Nos últimos anos, o debate sobre a regulação e moderação de conteúdo nas grandes plataformas tecnológicas tornou-se cada vez mais acirrado. A pressão sobre essas empresas se mantém alta, e as discussões sobre como devem gerenciar o conteúdo e cumprir a legislação continuam a evoluir.
Casos recentes, como o confronto entre o ministro do Supremo Tribunal Federal (STF) Alexandre de Moraes e o bilionário Elon Musk, proprietário do X (anteriormente Twitter), e a prisão do fundador do Telegram, Pavel Durov, na França, destacam a transformação crescente na relação entre governos e plataformas digitais, observa o brasileiro João C. Magalhães, professor de Mídia, Política e Democracia na Universidade Groningen, na Holanda, em entrevista à BBC News Brasil.
Magalhães explica que, antes vistas com mais indulgência, as grandes plataformas agora enfrentam uma abordagem mais crítica das autoridades, especialmente no que diz respeito ao conteúdo em suas redes.
“A mudança na abordagem governamental é um reflexo da crescente desconfiança pública e da percepção que os conteúdos compartilhados nessas redes contribuíram para graves crises sociais, como a erosão da democracia em vários países”, diz ele.
“Não imagino esses sentimentos mudando no curto ou médio prazo.”
Magalhães observa uma clara divisão na percepção pública: a esquerda critica as plataformas por não moderarem o suficiente, enquanto a direita acusa de moderação excessiva.
“Essa polarização desgastou a autoridade das plataformas para resolver sozinhas problemas de moderação de conteúdo, como elas faziam antes, e forçou os governos a intervirem mais. Políticos estão cada vez menos dispostos a adotar uma abordagem ‘laissez-faire’ [algo como “não intervir”] em relação à regulação das plataformas”, explica ele.
Magalhães lembra que, desde meados dos anos 2010, as plataformas enfrentam pressões da sociedade civil e de governos para controlarem de maneira mais rígida a produção de dados digitais e, principalmente, a liberdade de expressão dos usuários.
Essas pressões se concretizaram em leis como o Regulamento Geral sobre a Proteção de Dados (GDPR) e a Lei de Serviços Digitais (DSA) da União Europeia, que estabelecem requisitos mais específicos sobre a gestão de dados e a moderação de conteúdos.
Até o fim da pandemia de covid-19, as plataformas responderam a essas pressões e novas leis ampliando suas práticas de moderação e investindo em sistemas automatizados de análise de conteúdo.
No entanto, Magalhães observa que, desde então, as plataformas começaram a questionar a viabilidade desse modelo.
“O custo financeiro elevado e a complexidade política envolvida na moderação têm levado algumas plataformas a buscar formas de reduzir a politização e encontrar um equilíbrio entre os requisitos regulatórios e a viabilidade econômica”, afirma.

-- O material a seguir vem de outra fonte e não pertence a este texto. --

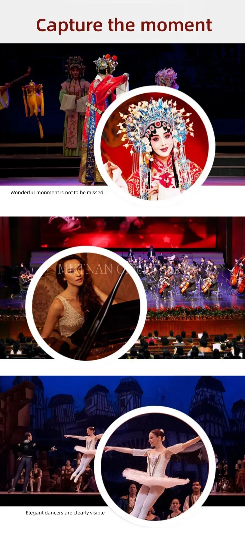 2.USOS MÚLTIPLES: Los binoculares de teatro tienen una amplia gama de aplicaciones en viajes, caminatas, campamentos, observación de aves y otras actividades.Mientras tanto, también es adecuado para ver obras de teatro a gran escala, conciertos y partidos de fútbol, lo que permite a los usuarios apreciar mejor el paisaje y las actuaciones.

Recentemente, lembra o especialista, o Instagram e o Threads, plataformas controladas pela Meta, decidiram diminuir a amplificação de conteúdos políticos para aliviar as pressões regulatórias e evitar a politização excessiva.
“É um exemplo de como as plataformas estão tentando equilibrar a moderação eficaz do conteúdo com as pressões regulatórias, ao mesmo tempo em que buscam minimizar os custos”, explica Magalhães.

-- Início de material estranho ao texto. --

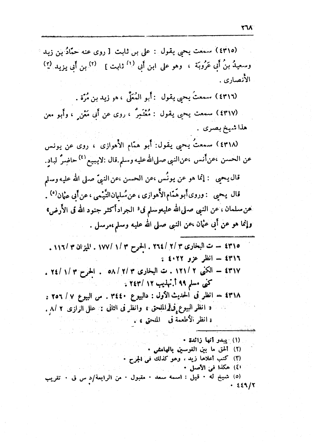 4318 - سَمِعت يحيى يَقُول أَبُو همام الْأَهْوَازِي روى عَن يُونُس عَن الْحسن عَن أنس عَن النَّبِي صلى الله عَلَيْهِ وَسلم قَالَ لَا يَبِيع حَاضر لباد قَالَ يحيى إِنَّمَا هُوَ عَن يُونُس عَن الْحسن عَن النَّبِي صلى الله عَلَيْهِ وَسلم قَالَ يحيى وروى أَبُو همام الْأَهْوَازِي عَن سُلَيْمَان التَّيْمِيّ عَن أبي عُثْمَان عَن سلمَان عَن النَّبِي صلى الله عَلَيْهِ وَسلم فِي الْجَرَاد أَكثر جنود الله فِي الأَرْض وَإِنَّمَا هُوَ عَن أبي عُثْمَان عَن النَّبِي صلى الله عَلَيْهِ وَسلم مُرْسل قَالَ يحيى أَبُو همام لم يكن صَاحب حَدِيث وَلَكِن لَا بَأْس بِهِ

“Em vez de dizerem ‘não vamos moderar’, esse tipo de medida visa diminuir a circulação de conteúdos que, em geral, forçam essas empresas a tomarem decisões contraditórias de moderação.”
Futuro incerto
O futuro da moderação de conteúdo nas grandes plataformas de tecnologia permanece incerto, segundo Magalhães.
Ele ressalta que esse tipo de controle da liberdade de expressão por empresas privadas e globais é historicamente novo, e que não existe ainda um modelo claro de como isso deve ser feito.
“O dilema das plataformas é como moderar o conteúdo de maneira menos controversa possível, atender às exigências regulatórias, e manter as altas taxas de lucro”, diz ele.
“É uma equação difícil de resolver, um campo de batalha complexo onde regulação, política e dinheiro se entrelaçam”, acrescenta.